#### Data:
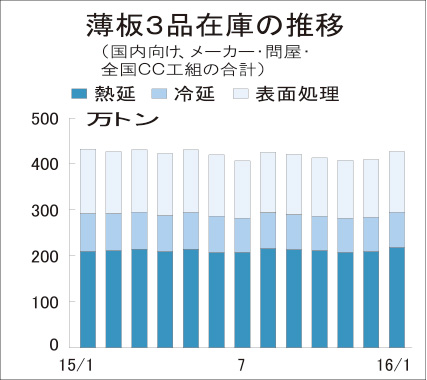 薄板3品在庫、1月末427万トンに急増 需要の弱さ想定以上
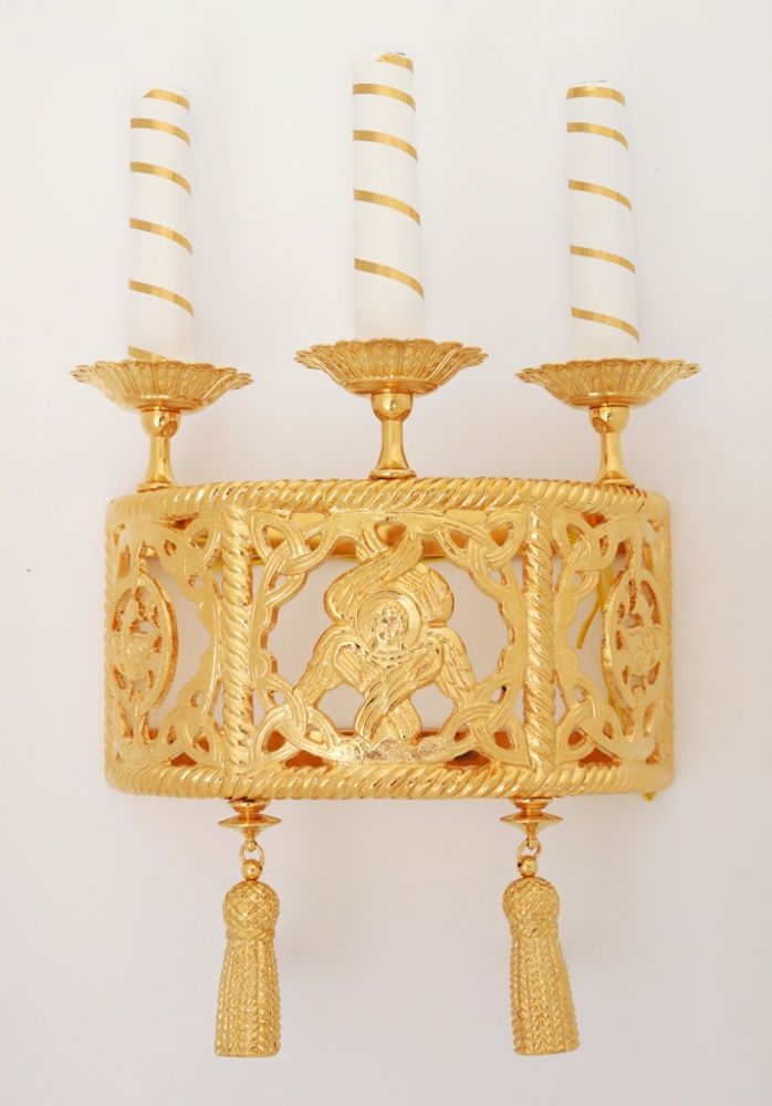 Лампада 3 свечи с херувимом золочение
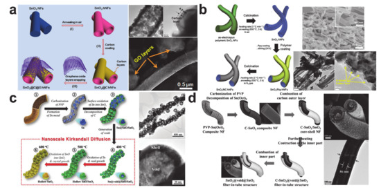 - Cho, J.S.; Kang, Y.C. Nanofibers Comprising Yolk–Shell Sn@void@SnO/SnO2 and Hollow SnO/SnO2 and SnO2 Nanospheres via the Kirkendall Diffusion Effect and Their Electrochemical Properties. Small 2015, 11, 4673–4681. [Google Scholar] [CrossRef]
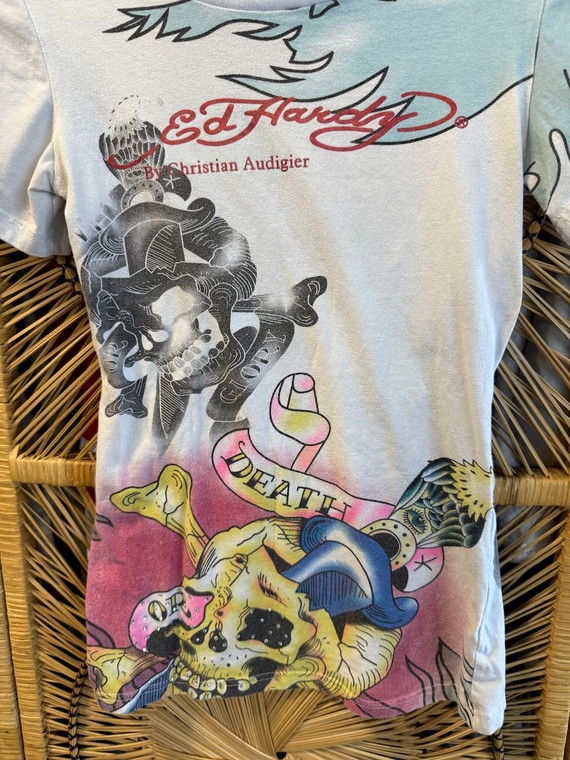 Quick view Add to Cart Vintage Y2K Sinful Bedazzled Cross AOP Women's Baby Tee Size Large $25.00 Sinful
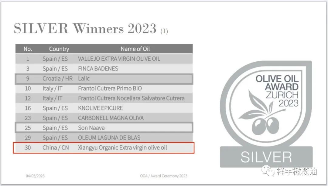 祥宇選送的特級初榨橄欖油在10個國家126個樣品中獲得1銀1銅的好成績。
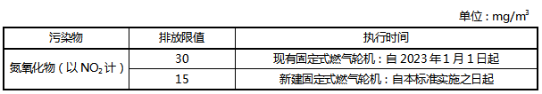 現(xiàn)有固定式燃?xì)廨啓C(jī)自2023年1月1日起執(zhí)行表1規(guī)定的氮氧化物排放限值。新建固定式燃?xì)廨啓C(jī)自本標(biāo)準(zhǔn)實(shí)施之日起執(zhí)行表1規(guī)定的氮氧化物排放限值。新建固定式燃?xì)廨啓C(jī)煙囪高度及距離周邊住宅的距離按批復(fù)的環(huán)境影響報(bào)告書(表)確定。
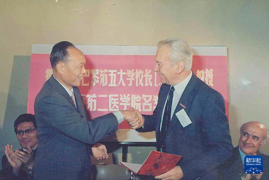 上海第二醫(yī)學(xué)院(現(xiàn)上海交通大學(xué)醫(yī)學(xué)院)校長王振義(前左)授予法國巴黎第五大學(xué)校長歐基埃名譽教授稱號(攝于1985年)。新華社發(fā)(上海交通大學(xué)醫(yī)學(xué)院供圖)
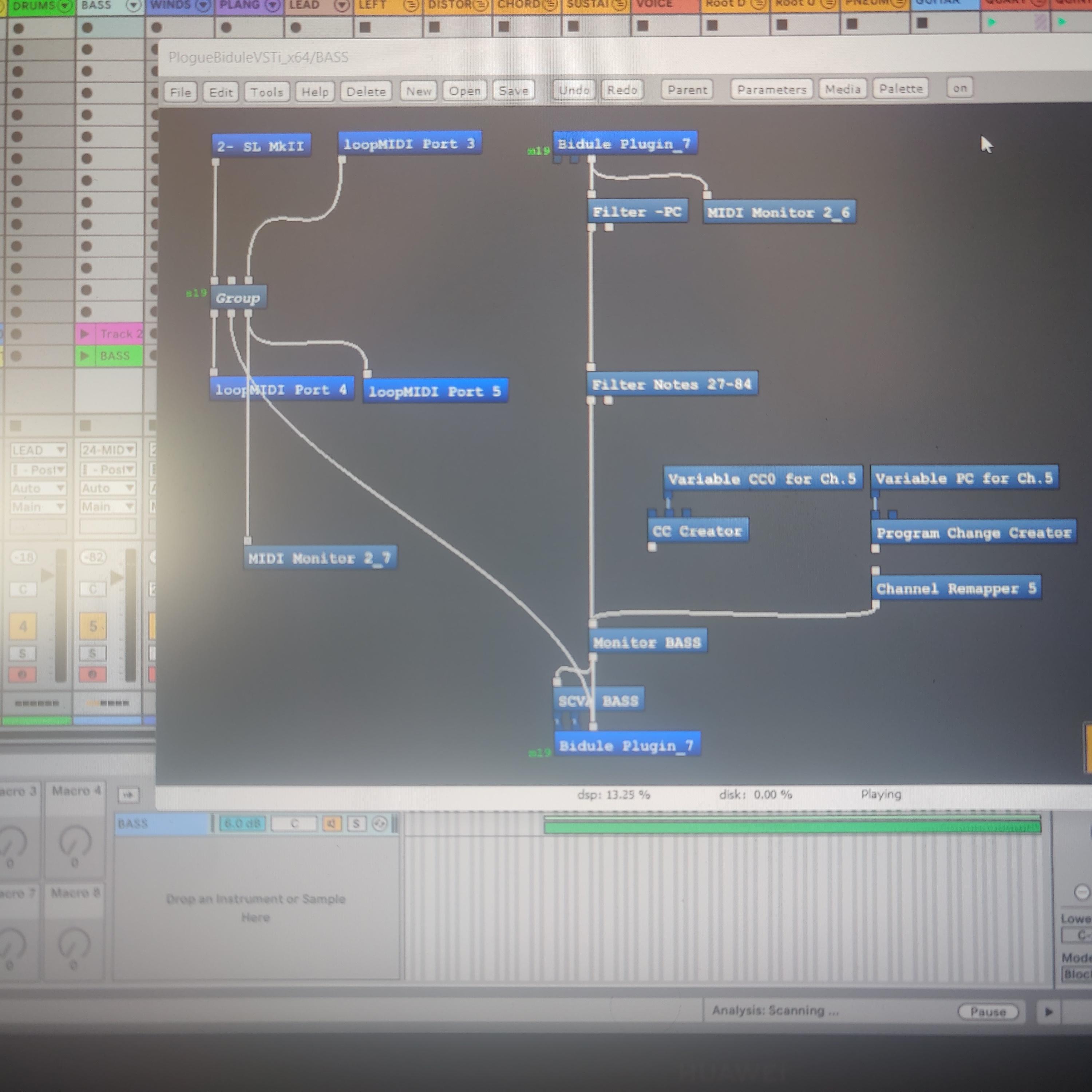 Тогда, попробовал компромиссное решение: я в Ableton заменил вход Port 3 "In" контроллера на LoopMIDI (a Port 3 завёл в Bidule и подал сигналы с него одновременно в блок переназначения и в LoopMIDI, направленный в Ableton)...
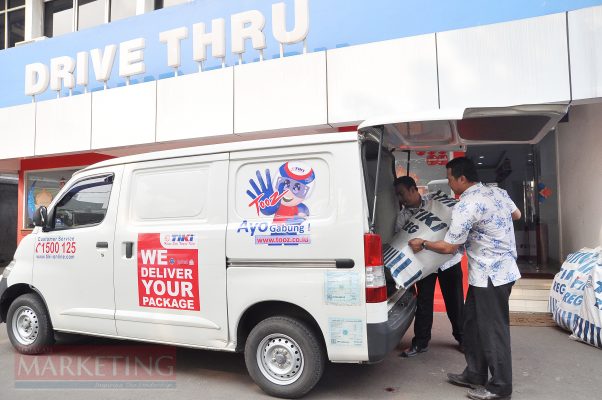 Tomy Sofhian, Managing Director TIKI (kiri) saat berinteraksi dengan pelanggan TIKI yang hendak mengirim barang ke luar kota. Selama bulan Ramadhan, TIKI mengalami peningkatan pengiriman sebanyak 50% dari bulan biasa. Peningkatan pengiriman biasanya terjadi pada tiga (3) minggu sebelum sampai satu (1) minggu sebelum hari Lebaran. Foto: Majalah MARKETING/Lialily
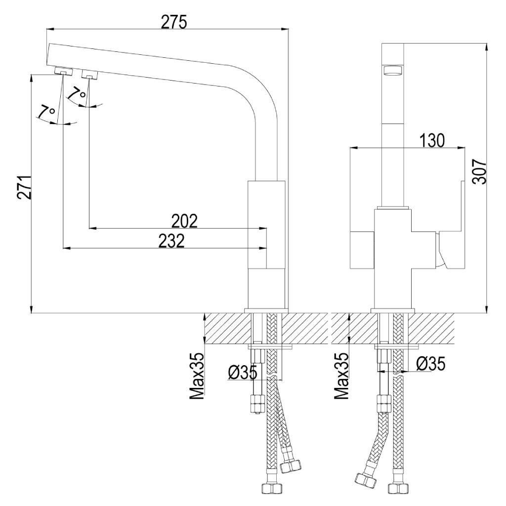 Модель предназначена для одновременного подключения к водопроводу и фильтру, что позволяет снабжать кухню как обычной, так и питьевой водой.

#### Problem requirements:
Copy out all the entries precisely. No images.

#### Response:
 薄板3品在庫、1月末427万トンに急増 需要の弱さ想定以上
 Лампада 3 свечи с херувимом золочение
 - Cho, J.S.; Kang, Y.C. Nanofibers Comprising Yolk–Shell Sn@void@SnO/SnO2 and Hollow SnO/SnO2 and SnO2 Nanospheres via the Kirkendall Diffusion Effect and Their Electrochemical Properties. Small 2015, 11, 4673–4681. [Google Scholar] [CrossRef]
 Quick view Add to Cart Vintage Y2K Sinful Bedazzled Cross AOP Women's Baby Tee Size Large $25.00 Sinful
 祥宇選送的特級初榨橄欖油在10個國家126個樣品中獲得1銀1銅的好成績。
 現(xiàn)有固定式燃?xì)廨啓C(jī)自2023年1月1日起執(zhí)行表1規(guī)定的氮氧化物排放限值。新建固定式燃?xì)廨啓C(jī)自本標(biāo)準(zhǔn)實(shí)施之日起執(zhí)行表1規(guī)定的氮氧化物排放限值。新建固定式燃?xì)廨啓C(jī)煙囪高度及距離周邊住宅的距離按批復(fù)的環(huán)境影響報(bào)告書(表)確定。
 上海第二醫(yī)學(xué)院(現(xiàn)上海交通大學(xué)醫(yī)學(xué)院)校長王振義(前左)授予法國巴黎第五大學(xué)校長歐基埃名譽教授稱號(攝于1985年)。新華社發(fā)(上海交通大學(xué)醫(yī)學(xué)院供圖)
 Тогда, попробовал компромиссное решение: я в Ableton заменил вход Port 3 "In" контроллера на LoopMIDI (a Port 3 завёл в Bidule и подал сигналы с него одновременно в блок переназначения и в LoopMIDI, направленный в Ableton)...
 Tomy Sofhian, Managing Director TIKI (kiri) saat berinteraksi dengan pelanggan TIKI yang hendak mengirim barang ke luar kota. Selama bulan Ramadhan, TIKI mengalami peningkatan pengiriman sebanyak 50% dari bulan biasa. Peningkatan pengiriman biasanya terjadi pada tiga (3) minggu sebelum sampai satu (1) minggu sebelum hari Lebaran. Foto: Majalah MARKETING/Lialily
 Модель предназначена для одновременного подключения к водопроводу и фильтру, что позволяет снабжать кухню как обычной, так и питьевой водой.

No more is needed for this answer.